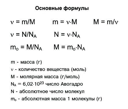 В химии важно точно измерять массу веществ, вступающих в реакцию и получающихся в результате нее. По определению моль является единицей количества вещества в СИ. Один моль содержит точно 6,02214076×10²³ элементарных частиц. Это значение численно равно константе Авогадро NA, если выражено в единицах моль⁻¹ и называется числом Авогадро. Количество вещества (символ n) системы является мерой количества структурных элементов. Структурным элементом может быть атом, молекула, ион, электрон или любая частица или группа частиц.
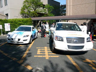 なお講演会終了後には岩谷瓦斯株式会社様の協力を得て、今、話題の燃料電池自動車『トヨタ 新型FCHV』と『マツダ RX-8ハイドロジェンRE』の試乗会(同乗走行)ならびにパネル展示を実施しました。試乗会(同乗走行)には長蛇の列が出来、燃料電池自動車の走行音の静けさに多くの参加者から驚きの声が上がっておりました。当日は天気にも恵まれ講演会・試乗会とも盛会のうち終了いたしました。多数のご来場ありがとうございました。
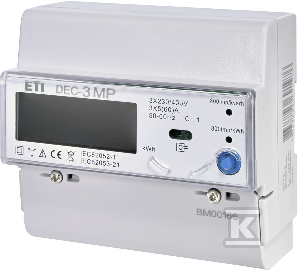 Лічильник DEC-3MP – це електронний вимірювач енергії в прямому підключенні, розроблений для показів та реєстрації спожитої електричної енергії. Його конструкція, заснована на прямому вимірюванні, усуває необхідність використання додаткових струмових трансформаторів, що спрощує монтаж та знижує витрати на установку. Комунікація здійснюється за допомогою інтерфейсу RS-485, що забезпечує віддалене зчитування даних та інтеграцію з системами управління енергією. Лічильник має блокування відкату лічильника, що забезпечує цілісність даних вимірювань. Додатково сигналізує про споживання енергії за допомогою миготіння світлодіодів – 800 імпульсів на кВт·год для активної енергії та 800 імпульсів на квар·год для реактивної енергії.
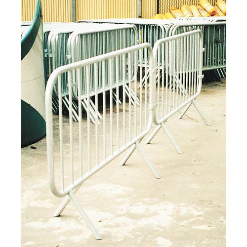 Légères et peu encombrantes. Barrières faciles à déplacer. Pieds robustes fixés double soudure Stockage au carré possible. Barrières 14 barreaux : conformes aux normes de police française. Hauteur sans pieds de 83 cm. Fabriqué en UE Garantie client : 3 ans
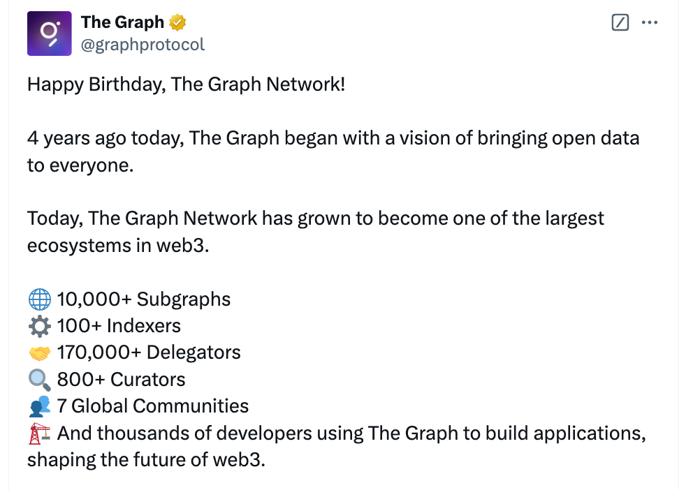 而在这个方向上,老牌项目 The Graph 作为代表,在我们看不见的地方依然势头强劲:
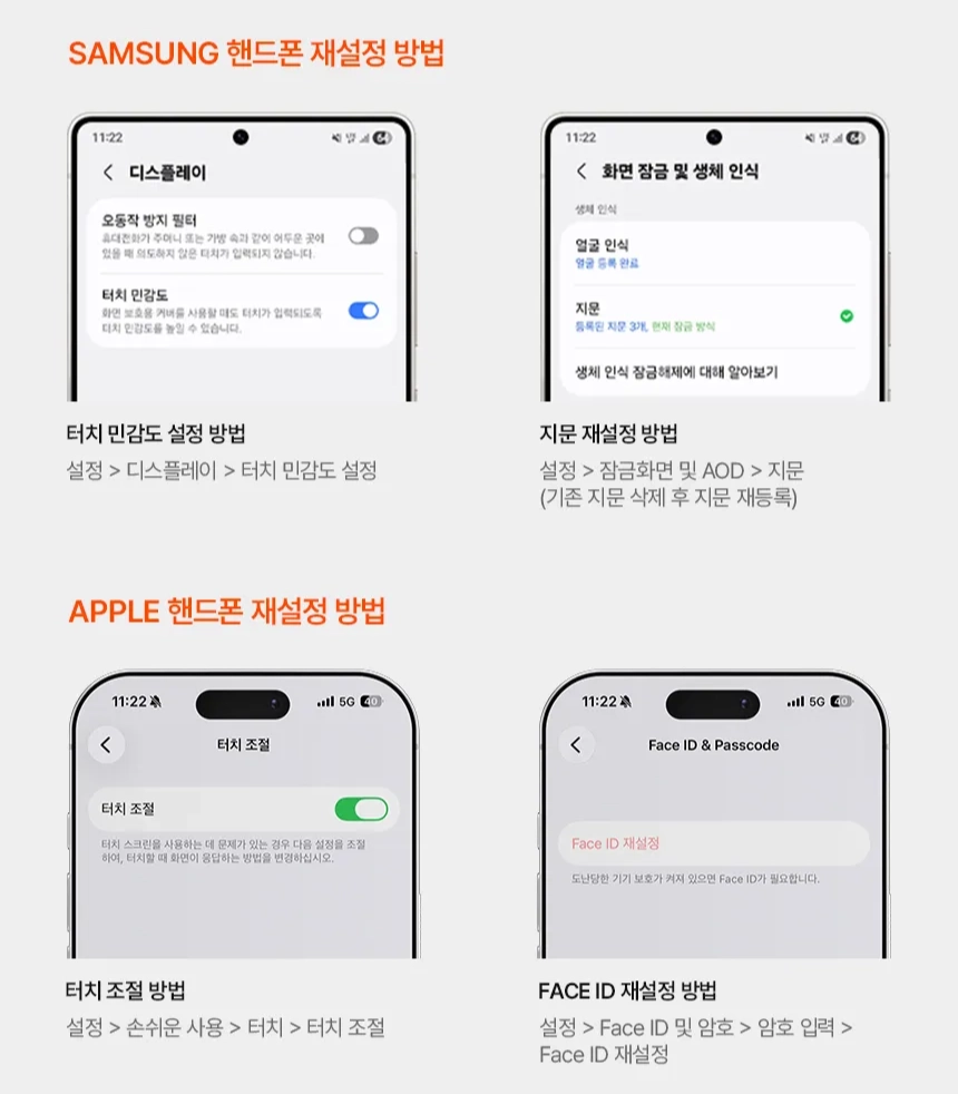 필름 부착 후 지문 인식, Face ID, 터치 민감도 등 기존 등록값의 정확도가 달라질 수 있습니다. 최적의 사용을 위해 생체 인식을 다시 등록 후 사용하시길 권장드립니다.
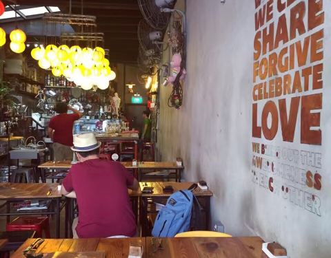 在“中华医院”原址开设的真棒堂咖啡馆,不但保留始建于1952年的旧中医馆的原貌,还将中式复古元素融入装修和设计中。 热气球造型纸灯笼、针灸模型和中药柜,与工业风钢管桌椅、钨丝灯和打印机字体菜单,混搭出粗...在“中华医院”原址开设的真棒堂咖啡馆,不但保留始建于1952年的旧中医馆的原貌,还将中式复古元素融入装修和设计中。 热气球造型纸灯笼、针灸模型和中药柜,与工业风钢管桌椅、钨丝灯和打印机字体菜单,混搭出粗犷杂乱又华丽丽的美感,大受欧美游客的欢迎。
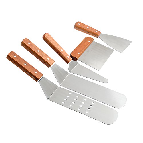 Indeedshare utensili da cucina in acciaio INOX - Paletta per torta, pasticceria farina cutter, spatola e raschietto per Teppanyaki grill e griglia, 5 pezzi
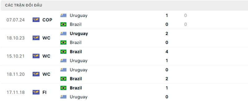 Lịch sử đối đầu giữa hai đội đang nghiêng về phía Uruguay, khi họ đã thắng Brazil trong cả hai trận đấu gần đây, bao gồm một trận thắng ở tứ kết Copa America 2024. Trong trận đấu lượt đi tại vòng loại này, Uruguay đã đánh bại Brazil với tỷ số 2-0, điều này càng gia tăng áp lực lên Selecao trong trận tái đấu sắp tới. Brazil cần phải vượt qua được áp lực tâm lý này để có thể phục thù và giành lại vị trí cao hơn trên bảng xếp hạng.
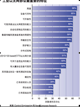 在被問及的34個特征選項中,高速能力(66%)被列為最為重要的特征。緊隨其後的依次是設備的可用性(65%)、可升級性(60%)、可使用商業以太網現貨的能力(60%),以及用於自動化控製應用的能力(60%)。
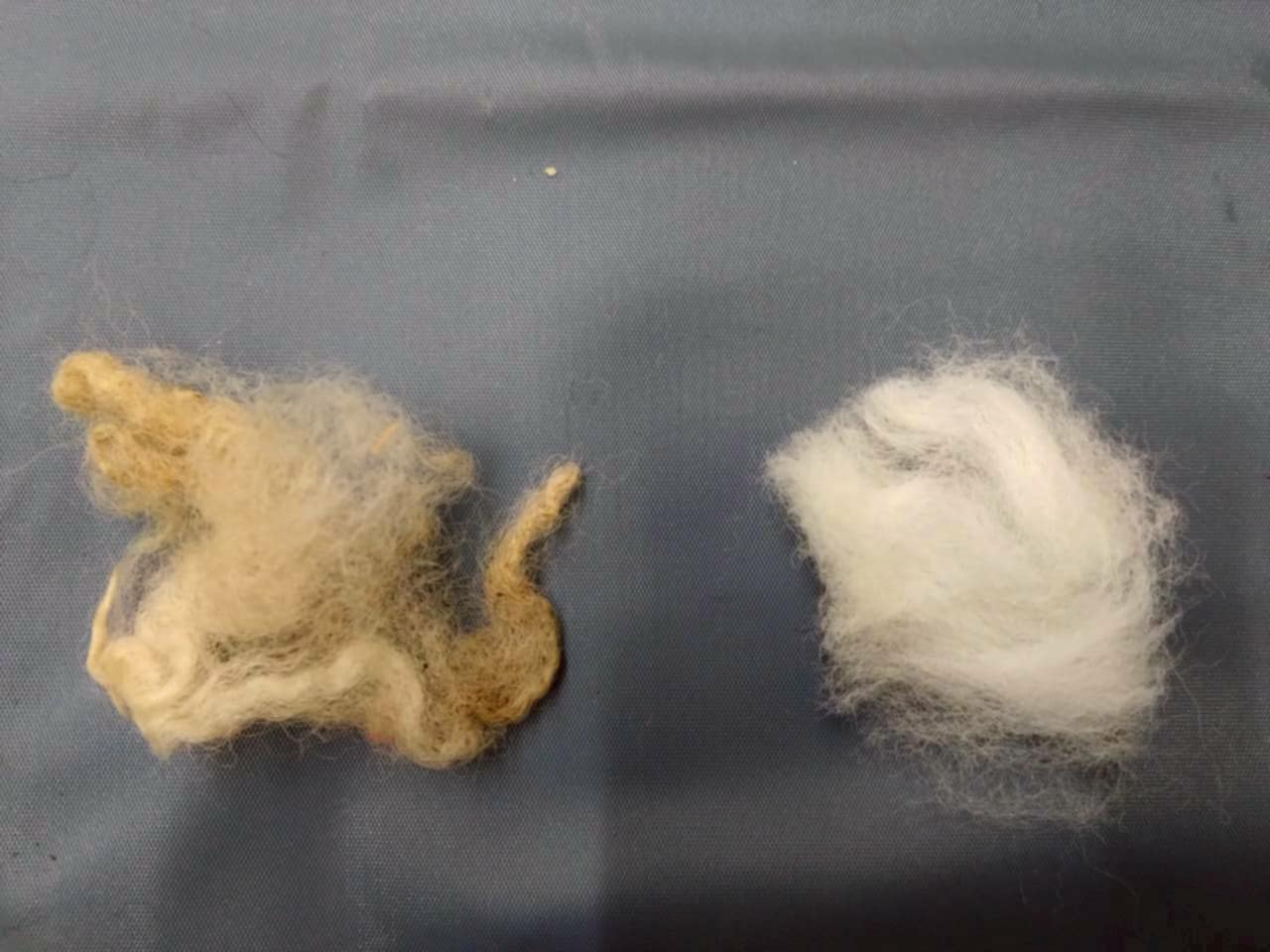 洗う前の羊毛と洗った後の羊毛を見せてもらって、においもかいで、
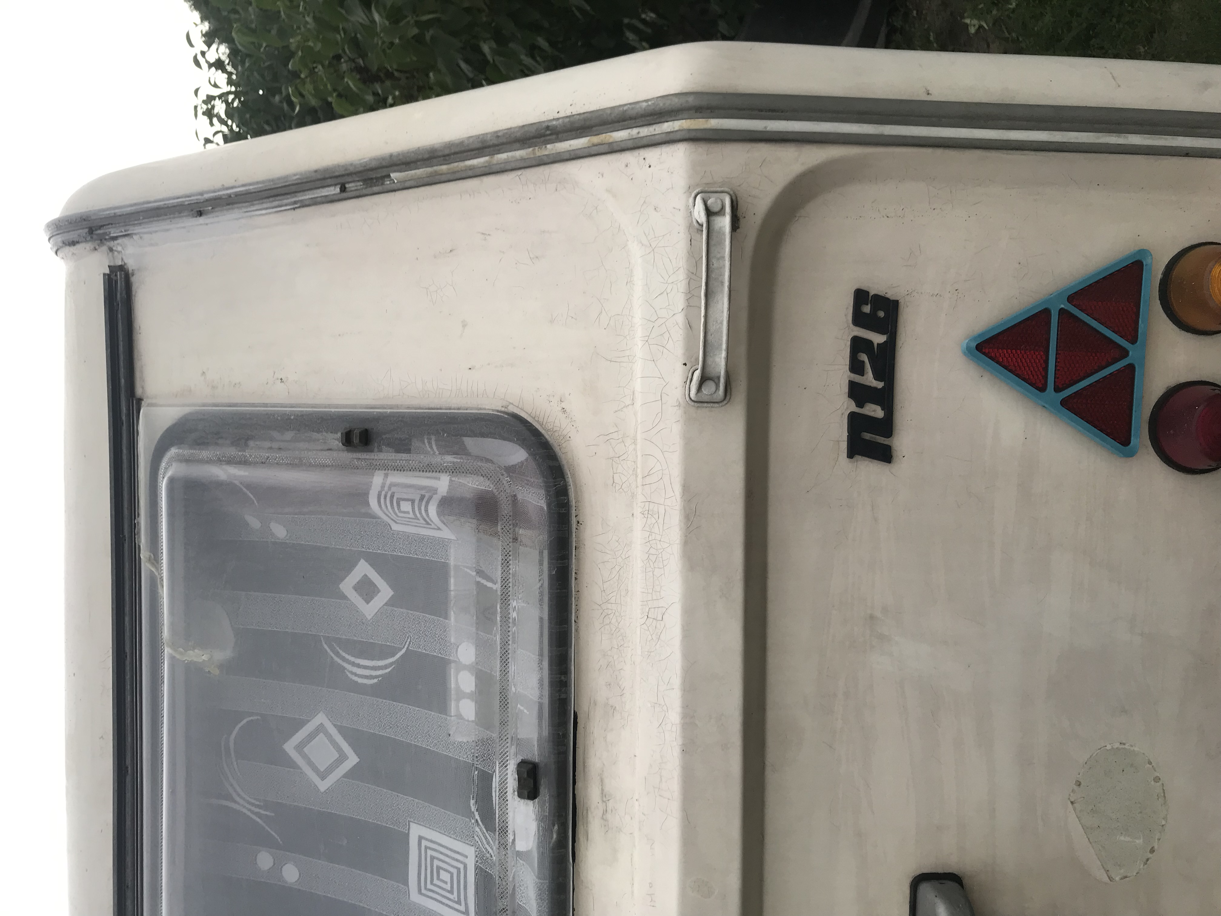 Tak na szybko bo remont domu w trakcie.... Przed świętami otrzymujemy cynk, iż u nas na wsi jest do sprzedania pewien rodzynek. Wieczorem po pracy udajemy się na oględziny. Oto jest :) Rama cała, papiery są, nawet czarna blacha. Fakt... laminat do reanimacji, ale wiek i to, że pewno zawsze stała pod chmurką wyjaśniają to i owo. Obejrzane, mowie się zastanowimy. Przez myśl już idzie - kurczę, ale kemping jeszcze do skończenia zarówno w środku jak i z zewnątrz, garaż zajęty przez Malucha, wiaty zajęte przez auta, tu drewno na opał...gdzie ja to postawie?...

********************

● YOUR GOAL
Could you write out exactly the lines of the data above that run from the one holding "필름 부착 후 지문 인식, Face" to the one holding "Lịch sử đối", with both ends in and all pictures out?

● SOLUTION FOR THIS EXERCISE
 필름 부착 후 지문 인식, Face ID, 터치 민감도 등 기존 등록값의 정확도가 달라질 수 있습니다. 최적의 사용을 위해 생체 인식을 다시 등록 후 사용하시길 권장드립니다.
 在“中华医院”原址开设的真棒堂咖啡馆,不但保留始建于1952年的旧中医馆的原貌,还将中式复古元素融入装修和设计中。 热气球造型纸灯笼、针灸模型和中药柜,与工业风钢管桌椅、钨丝灯和打印机字体菜单,混搭出粗...在“中华医院”原址开设的真棒堂咖啡馆,不但保留始建于1952年的旧中医馆的原貌,还将中式复古元素融入装修和设计中。 热气球造型纸灯笼、针灸模型和中药柜,与工业风钢管桌椅、钨丝灯和打印机字体菜单,混搭出粗犷杂乱又华丽丽的美感,大受欧美游客的欢迎。
 Indeedshare utensili da cucina in acciaio INOX - Paletta per torta, pasticceria farina cutter, spatola e raschietto per Teppanyaki grill e griglia, 5 pezzi
 Lịch sử đối đầu giữa hai đội đang nghiêng về phía Uruguay, khi họ đã thắng Brazil trong cả hai trận đấu gần đây, bao gồm một trận thắng ở tứ kết Copa America 2024. Trong trận đấu lượt đi tại vòng loại này, Uruguay đã đánh bại Brazil với tỷ số 2-0, điều này càng gia tăng áp lực lên Selecao trong trận tái đấu sắp tới. Brazil cần phải vượt qua được áp lực tâm lý này để có thể phục thù và giành lại vị trí cao hơn trên bảng xếp hạng.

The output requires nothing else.